This project is about a paper written by Rico Jonschkowski and Oliver Brock: " Learning State Representation with Robotic Prior ". The goal is to learn state representations based on images and robotics priors to make a network able to produce high level representation of images.
This approach uses deep neural network to achieve the task of learning representation.
The input images are simulate images of Baxter's head camera. The camera is moving from right to left or left to right. The ouput of the neural network should be a representation in one dimension of the head joint angle.
Example of data from the simulation program
Install torch : http://torch.ch/docs/getting-started.html
sudo apt-get install luarocks
luarocks install image (without sudo)
luarocks list (without sudo)
Go to your main folder :
th
dofile("script.lua")
200*200 pixels RGB images generated by baxter gazebo simuation.
To train the neural network we use the robotics priors from the article "Learning State Representations with Robotic Priors". We also use siamese networks to apply those priors, with convolutional network. All the data is in this github's folder. The output of the training should be a value for a given image strongly correlated with the true value of joint. In training, we achieved 97% of correlation between the real signal of the head and the estimate signal. (the correlation is calculate between signal after normalization of the mean to 0 and std to 1 for the two signals)

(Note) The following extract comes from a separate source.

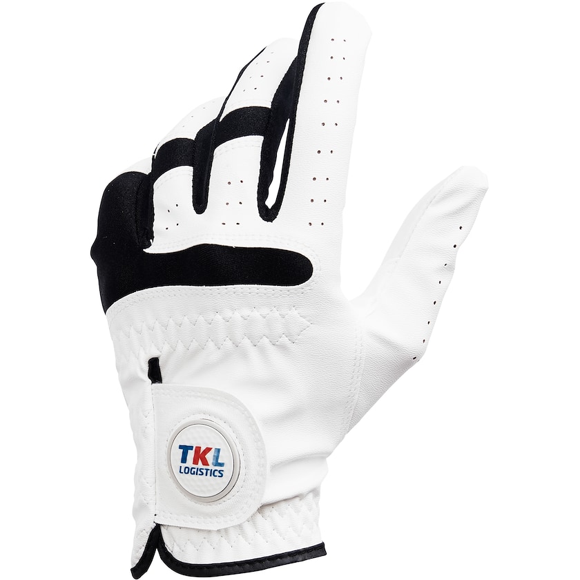 Golfhandschuh mit Logofläche. Der Handschuh eignet sich für jedes Wetter und ist mit zusätzlichen Ledereinsätzen an der Handfläche und am Daumen verstärkt. Dank des schwarzen Lycra-Einsatzes sitzt der Handschuh gut. Die Logo wird durch 4-farbigen Fotodruck auf dem Ballmarker aufgebracht, der mit einem Magneten befestigt ist. Mischen Sie frei zwischen Herrenhandschuh links/rechts in den Größen S, M, M/L und XL und Damenhandschuh links in den Größen S, M und L.

Ground truth of the head positino for each image of the validation set
Example of representaion learned after training
When training without data augmentation, the result analysis shows that the neural network only uses the position of the blue button in the image to compute its position. This seems a good way to solve the problem but if for example the button becomes green then the robot will not be able to solve the problem anymore. The network thus appears to be too specialized and using an easy trick to solve the problem. To improve the robustness of the network, we want it to use several pieces of information to compute its state. To force the network to learn a wider range of features and not only the button position, we choose to artificially make the images more difficult to analyze. If the neural network cannot solve the task by only detecting the blue button it will search other ways. On this purpose we add noise and apply a random color filter on it. This is called data augmentation, the illustration shows different possible data augmentations for an image. The upper left image is the original picture. On bottom left is the image with only noise and other images are application of both noise and random color filters.
One possible solution for training :
- Learning Rate : 0.001
- Batch Number : 5 by epoch
- Epoch Number : 20
- Batch size : 12 images
The visualization of activation at the last convolution are following. There is two different case of training : with data augmentation and without. The images are split in three part, the left hand side is the activation produce by the image on the rifht hand side. In the middle is the superpositon of both images to figure out which part of the image produce an activation.
Example of activation after training without data Augmentation
Example of activation after training with data Augmentation
This project is actually the beginning of a bigger project in which we could use this approach for learning higher dimension representations to be used in reinforcement learning algorithms. For example we could train a neural network to learn more complex representations like objects positions in three dimensions and use it within reinforcement learning process to check if a robot can use the learned representations to perform various tasks. However,this project provides us with some evidence that a deep network trained by the method of robotics priors can learn representations states. This technique makes it possiblemakes it possible to learn a one dimension representation and furthermore to train a network to be resistant to both noise and color filters.